Let $L=(-1,0),R=(1,0)$, $O=(0,0)$, the center, and $M$ the random point on the circle. WLOG assume $M$ is on the upper semicircle. Note the picking the point uniformly is equivalent to sampling $\theta =\angle ROM$ uniformly over $[0,\pi]$.
Write $X$ for the length of $LM$ and $Y$ for the length of $RM$.
- Observation: $\angle LMR$ is a right angle. Indeed, let $\alpha = \angle RLM$ and $\beta = \angle LRM$. Since the triangles $MOL$ and $MOR$ are each an isosceles, it follows that $\angle LMR=\alpha+\beta$. But then
$$180^{\circ} =
\angle RLM+\angle LRM+ \angle LMR=\alpha +\beta + (\alpha+\beta) = 2 (\alpha+\beta).$$
- Corollary: $XY$ is twice the area of the triangle $LMR$.
- Twice area of $LMR$ is also given by the length of its base $LR$ times its height. This is easy to compute.
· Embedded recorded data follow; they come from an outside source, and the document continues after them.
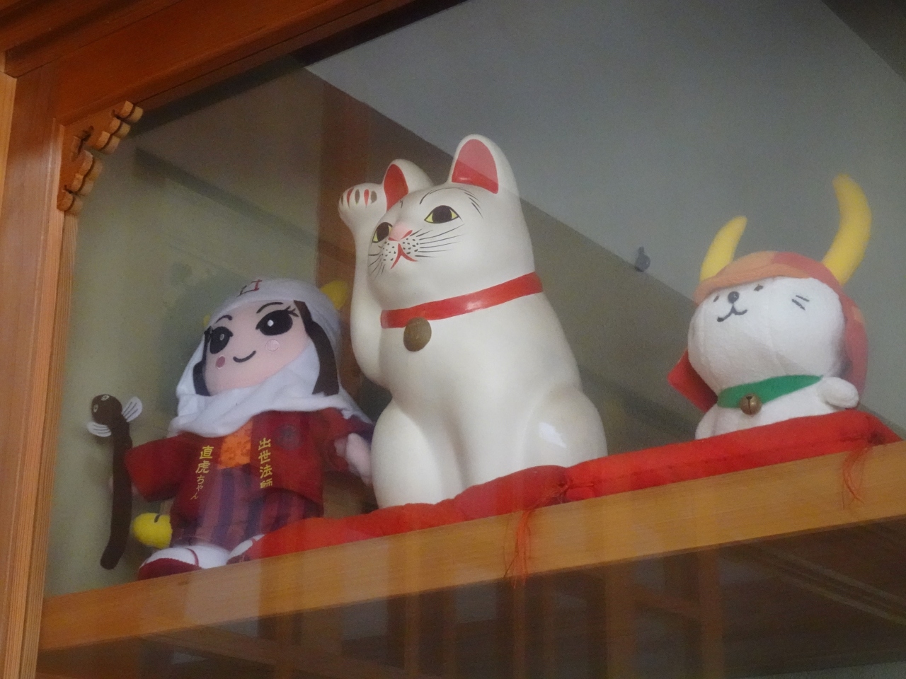 井伊家の2代藩主直孝が豪徳寺の猫の手招きにより雷雨の難を免れたという言い伝えがあるとのこと。これが豪徳寺が招き猫発祥の地と言われる由縁で、境内の招猫殿には多くの招き猫が祀られています。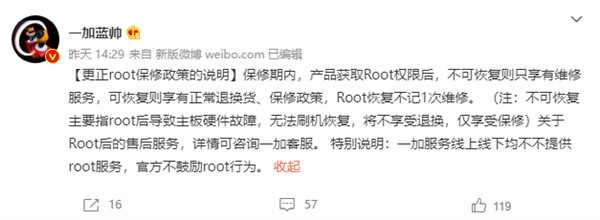 不过,近日一加修改了Root保修政策,对保修的范围进行了细化。
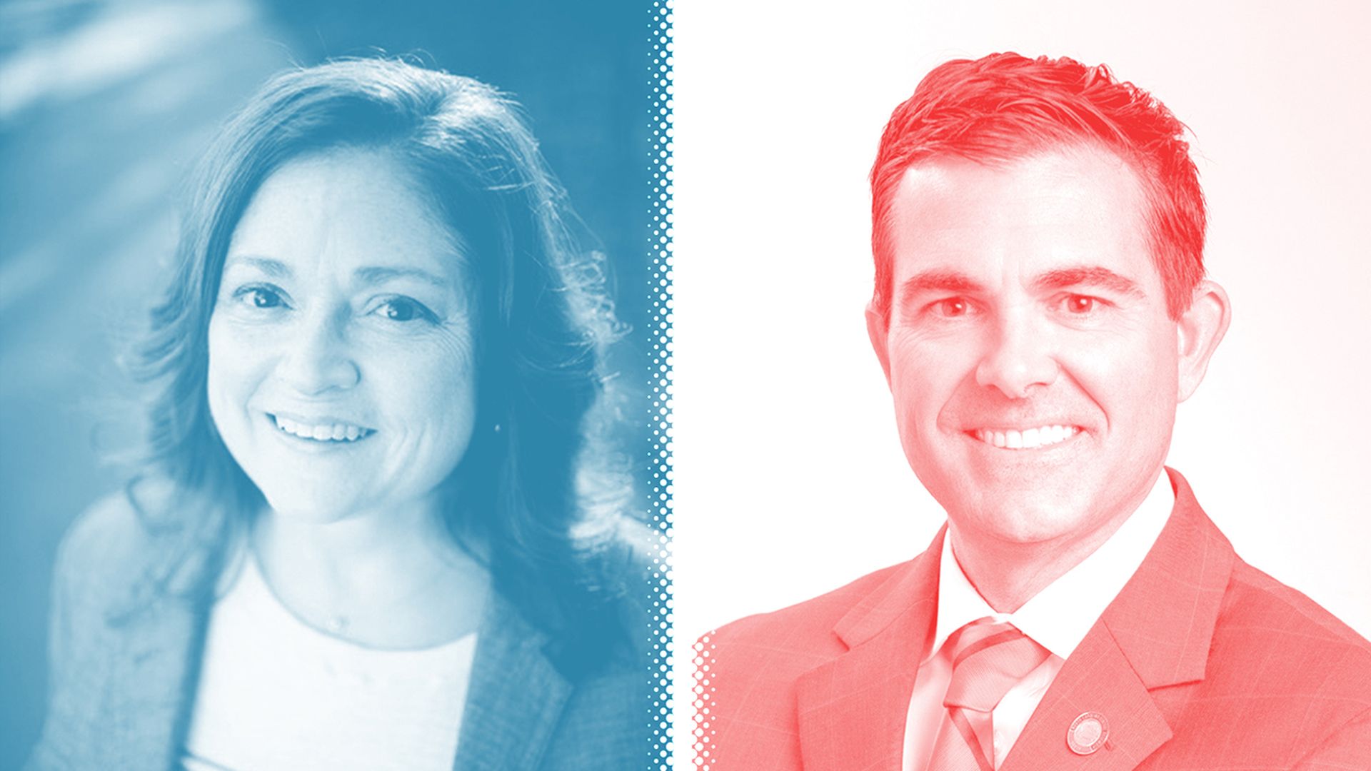 Photo illustration: Axios Visuals. Photo: Courtesy of the campaigns of Christy Clark and John Bradford

Base is $LR$ and has length $2$, and the height is equal to $\sin \theta$. Thus,
$$ E[XY ] =2 E[ \sin \theta ] =2 \frac{1}{\pi} \int_0^{\pi}\sin (\theta)d \theta = \frac{4}{\pi}.$$
- Next find $E[X]$ and $E[Y]$. Because of symmetry, $E[X]=E[Y]$. By looking at the triangle $MOR$, we see that $Y= 2 \sin (\theta/2)$. Therefore,
$$ E [ Y ] = \frac{2}{\pi} \int_0^\pi \sin (\theta /2) d \theta = \frac{4}{\pi}\int_0^{\pi/2}\sin (t) dt = \frac 4 \pi. $$
- Final calculation:
$$ \mbox{Cov} (X,Y) = E [XY] - E[X] E[Y] = \frac{4}{\pi} (1- \frac{4}{\pi}).$$